### [WORK TO COMPLETE]
Using the listing, copy each whole line that features "This".

### [SOURCE INFORMATION]
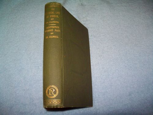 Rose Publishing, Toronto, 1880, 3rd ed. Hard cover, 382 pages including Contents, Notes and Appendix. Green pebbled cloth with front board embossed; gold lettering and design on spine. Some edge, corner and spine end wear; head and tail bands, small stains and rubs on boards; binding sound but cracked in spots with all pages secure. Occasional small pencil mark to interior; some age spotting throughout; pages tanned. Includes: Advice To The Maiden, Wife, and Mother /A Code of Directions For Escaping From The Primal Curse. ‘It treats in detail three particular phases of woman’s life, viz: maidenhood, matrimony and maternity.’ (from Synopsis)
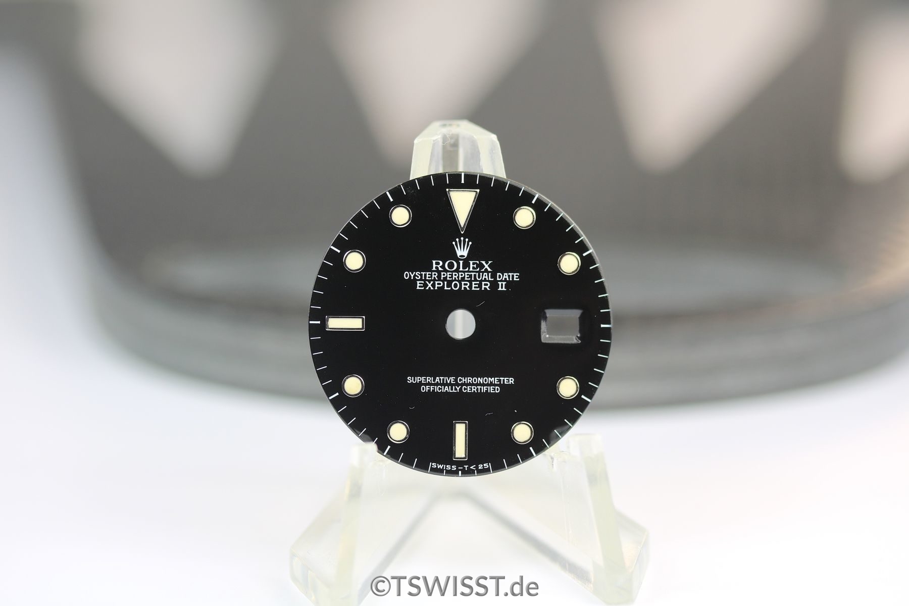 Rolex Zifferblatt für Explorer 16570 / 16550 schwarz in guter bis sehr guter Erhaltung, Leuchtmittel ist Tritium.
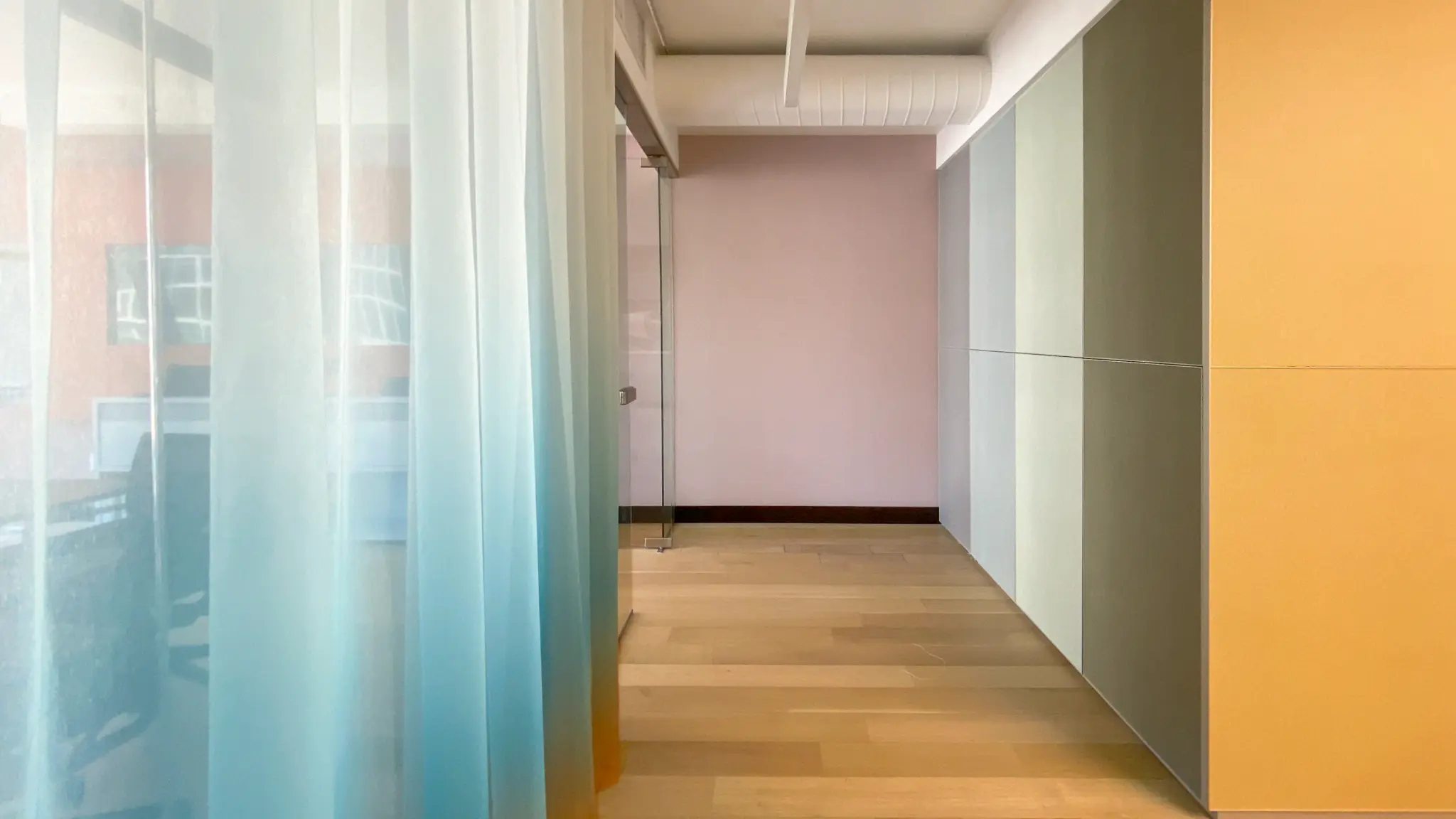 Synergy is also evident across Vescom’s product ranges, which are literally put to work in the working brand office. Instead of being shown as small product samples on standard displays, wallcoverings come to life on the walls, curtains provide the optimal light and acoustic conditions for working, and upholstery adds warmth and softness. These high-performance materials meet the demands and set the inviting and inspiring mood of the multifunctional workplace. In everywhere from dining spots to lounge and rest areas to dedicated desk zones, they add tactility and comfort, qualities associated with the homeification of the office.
* * *
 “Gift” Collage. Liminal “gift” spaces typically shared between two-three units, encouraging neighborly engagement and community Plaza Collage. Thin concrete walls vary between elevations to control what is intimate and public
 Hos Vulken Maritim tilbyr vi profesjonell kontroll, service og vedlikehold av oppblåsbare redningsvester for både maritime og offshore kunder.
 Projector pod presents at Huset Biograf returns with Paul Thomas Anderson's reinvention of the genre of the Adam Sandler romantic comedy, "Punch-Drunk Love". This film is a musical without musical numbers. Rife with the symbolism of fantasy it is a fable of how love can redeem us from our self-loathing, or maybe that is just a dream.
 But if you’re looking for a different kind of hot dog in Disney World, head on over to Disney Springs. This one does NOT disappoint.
---
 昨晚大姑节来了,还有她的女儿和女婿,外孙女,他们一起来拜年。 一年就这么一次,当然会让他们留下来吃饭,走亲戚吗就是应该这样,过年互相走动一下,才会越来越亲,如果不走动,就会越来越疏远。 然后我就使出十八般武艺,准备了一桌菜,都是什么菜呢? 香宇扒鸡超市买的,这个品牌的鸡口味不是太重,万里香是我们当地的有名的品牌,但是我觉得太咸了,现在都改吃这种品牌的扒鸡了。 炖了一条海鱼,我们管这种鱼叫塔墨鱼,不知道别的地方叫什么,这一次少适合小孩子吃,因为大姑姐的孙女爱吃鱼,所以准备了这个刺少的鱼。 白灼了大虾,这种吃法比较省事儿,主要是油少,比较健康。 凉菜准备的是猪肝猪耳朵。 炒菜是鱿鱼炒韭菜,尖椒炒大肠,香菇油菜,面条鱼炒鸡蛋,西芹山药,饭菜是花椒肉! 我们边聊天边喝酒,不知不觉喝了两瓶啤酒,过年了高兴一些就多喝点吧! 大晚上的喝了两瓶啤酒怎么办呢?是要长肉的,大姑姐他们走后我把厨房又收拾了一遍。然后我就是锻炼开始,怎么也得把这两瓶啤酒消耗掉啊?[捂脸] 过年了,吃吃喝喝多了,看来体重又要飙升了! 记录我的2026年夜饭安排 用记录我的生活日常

### [TASK SOLUTION]
 Projector pod presents at Huset Biograf returns with Paul Thomas Anderson's reinvention of the genre of the Adam Sandler romantic comedy, "Punch-Drunk Love". This film is a musical without musical numbers. Rife with the symbolism of fantasy it is a fable of how love can redeem us from our self-loathing, or maybe that is just a dream.
 But if you’re looking for a different kind of hot dog in Disney World, head on over to Disney Springs. This one does NOT disappoint.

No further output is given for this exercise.